Actually, this disagreement represents the precise opposite dynamic.  Unlike Serwer (apparently), I don’t consider the Taliban “something utterly foreign, inhuman, and subject to entirely different drives than Us.”  Therefore, I don’t see the comparison of the American Right (as well as Democrats who support its radical policies) to the Taliban as a suggestion that “the GOP as a whole [is] ‘something utterly foreign, inhuman, and subject to entirely different drives than Us’.”  That’s the whole point:  those who are so upset by this comparison (how dare you compare Americans to the Taliban) have ingested the tribalistic, propagnadistic delusion that no matter what we do, We are always fundamentally different and better than Them.

The cartoonish demonization of our Enemy is accomplished by mindlessly screaming inflammatory, manipulated labels at them –“Terrorists!” — designed to rob them of their Humanness, obliterate nuances among them, and convert them into some incomprehensible Other.  That’s how we justify to ourselves what we do to them.

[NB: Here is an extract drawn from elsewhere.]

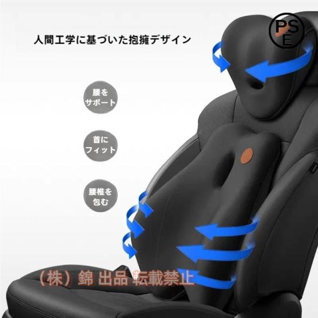 短納期 マッサージ機能付き 車用 クッション USB給電 ネックパッド 腰当て 疲労 腰痛 軽減 クッション 株式会社錦 低反発 クッションセット 長時間ドライブ

The insistence that this comparison between Us and Them is inherently invalid and even “obscene” lies at the heart of so much mischief — it’s the linchpin of exceptionalism and jingoism — and it’s very disappointing to see this claim being so casually invoked in reaction to this book.  The nature of tribalism is that one always thinks their side is better and the other side worse, and that comparisons between the two sides (or even equal application of standards to each) is deeply unfair and offensive (“moral relativism”).  Tribalism is a powerful human drive, which is why even those who are aware of its intoxicating effects and even consciously try to avoid it — all of us — nonetheless sometimes succumb to its temptations.”

4.  “This Country Just Can’t Deal with Reality Any More

The Right’s media power has enabled the Republicans to portray Obama as some un-American “other,” while the GOP has little fear that its spreading of racist-tinged conspiracy theories will hurt the party’s election chances.

The latest example is Dinesh D’Souza’s bizarre theorizing about Obama’s channeling his late father’s opposition to British colonialism in Kenya, a reincarnated dream which somehow has morphed into Obama’s “socialist” agenda which is “alien” to American values.

Instead of roundly condemning D’Souza for this strange and racist article, Gingrich – one of the supposed intellectuals of the Republican Party – went out of his way to praise the nonsense as “profound.”

As former Bush-43 speechwriter David Frum noted in a blog post, “With the Forbes story and now the Gingrich endorsement, the argument that Obama is an infiltrating alien, a deceiving foreigner – and not just any kind of alien, but specifically a Third World alien – has been absorbed almost to the very core of the Republican platform for November 2010.”

Despite some internal GOP critics like Frum, the Republican Party clearly feels that it has a winning formula, using such psychological warfare to exploit a confused and embittered electorate. That confidence will be tested on Nov. 2, although if most prognosticators are correct, the Republicans have good reason to feel confident.”